Data Dump Mode	Cosine (Tensor Cosine Similarity)	EucDist (Tensor Euclidean Distance)	MaxAbsErr (Tensor's Max. Absolute Error)	MaxRelativeErr (Tensor's Max. Relative Error)	One Thousandth Err Ratio	Five Thousandth Err Ratio	Absolute Error Diff Between NPU and Bench Statistics (max, min, mean, L2 norm)	RelativeErr Between NPU and Bench Statistics (max, min, mean, L2 norm)	NPU and Bench Statistics (max, min, mean, L2 norm)	NPU MD5 (NPU Data CRC-32 Value)	BENCH MD5 (Bench Data CRC-32 Value)	Requires_grad Consistent	Result	Err_message	NPU_Stack_Info	Data_Name ([NPU Real Data, Bench Real Data])
Real data mode	√	√	√	√	√	√			√			√	√	√	√	√
Statistics mode							√	√	√			√	√	√	√
MD5 mode										√	√	√	√	√	√

Comparison Metric Calculation Formulas¶

$N$: NPU tensor

$B$: Bench tensor

RE (relative error): $\vert\frac {N-B} {B}\vert$

Real data mode:

Cosine: $\frac {{N}\cdot{B}} {{\vert\vert{N}\vert\vert}_2{\vert\vert{B}\vert\vert}_2}$

EucDist: ${\vert\vert{A-B}\vert\vert}_2$

MaxAbsErr: $max(\vert{N-B}\vert)$

MaxRelativeErr: $max(RE)$

One Thousandth Err Ratio: $\frac {\sum\mathbb{I}(RE<0.001)} {size(RE)}$

Five Thousandth Err Ratio: $\frac {\sum\mathbb{I}(RE<0.005)} {size(RE)}$

Statistics mode:

Max diff: $max(N)-max(B)$

Min diff: $min(N)-min(B)$

Mean diff: $mean(N)-mean(B)$

L2 Norm diff: $l2norm(N)-l2norm(B)$

MaxRelativeErr: $\vert\frac{max(N)-max(B)}{max(B)}\vert*100\%$

MinRelativeErr: $\vert\frac{min(N)-min(B)}{min(B)}\vert*100\%$

MeanRelativeErr: $\vert\frac{mean(N)-mean(B)}{mean(B)}\vert*100\%$

NormRelativeErr: $\vert\frac{l2norm(N)-l2norm(B)}{l2norm(B)}\vert*100\%$

Comparison Result¶

Comparison results are classified into three types: pass, warning, and error. The priority is error > warning > pass.
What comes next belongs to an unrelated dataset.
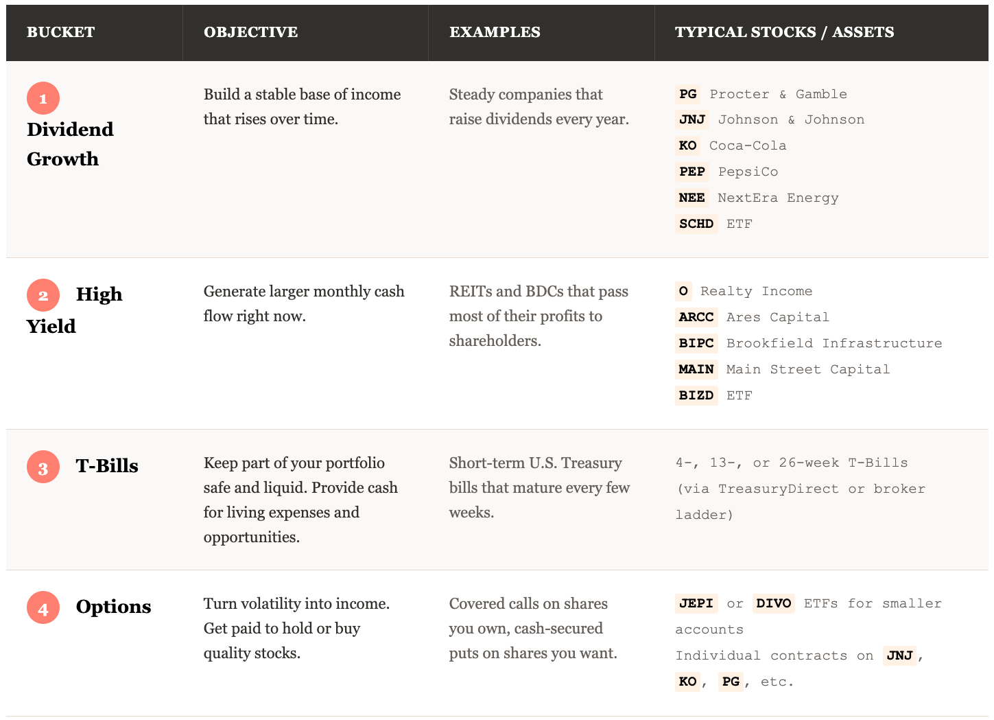Every dollar in your portfolio should fit into exactly one of these buckets:

The Err_message column displays comparison error messages, including:

Errors:

(Real data/Statistics mode) The maximum or minimum NPU value of an API or module contains nan, inf, or -inf. If the same phenomenon occurs in Bench metrics, ignore this error.
(Real data mode) One Thousandth Err Ratio of an API or module's input/parameters is greater than 0.9 and output is less than 0.6. (Only the output is marked, and the input is used for calculation.)
(Statistics mode) The relative error of the norm value of an API or module's input is less than 0.1, and that of output is greater than 0.5. (Only the output is marked, and the input is used for calculation.)
(Real data/Statistics mode) Requires_grad (for gradient calculation) of an API or module is inconsistent.
(Real data/Statistics mode) Non-tensor scalars of an API or module are inconsistent.
(MD5 mode) The CRC-32 value of an API or module is inconsistent.
(Real data/Statistics mode) dtype of an API or module is inconsistent.
(Real data/Statistics mode) The shape of an API or module is inconsistent.

Warnings:

(Statistics mode) The relative error of the norm value of an API or module's output is 10 times that of input or parameters. (Only the output is marked, and the input is used for calculation.)
(Real data mode) The cosine of an API or module's input/parameters is greater than 0.9 and the difference between input/parameters and output is greater than 0.1. (Only the output is marked, and the input is used for calculation.)
(MD5 mode) The parameters of an API or module do not match.

Special scenarios:

The metric rules that involve using the input for calculation are not applicable to API inputs with placeholders, including ['_reduce_scatter_base', '_all_gather_base', 'all_to_all_single', 'batch_isend_irecv'].
All metrics are not applicable to redundant APIs, including ['empty', 'empty_like', 'numpy', 'to', 'setitem', 'empty_with_format', 'new_empty_strided', 'new_empty', 'empty_strided'].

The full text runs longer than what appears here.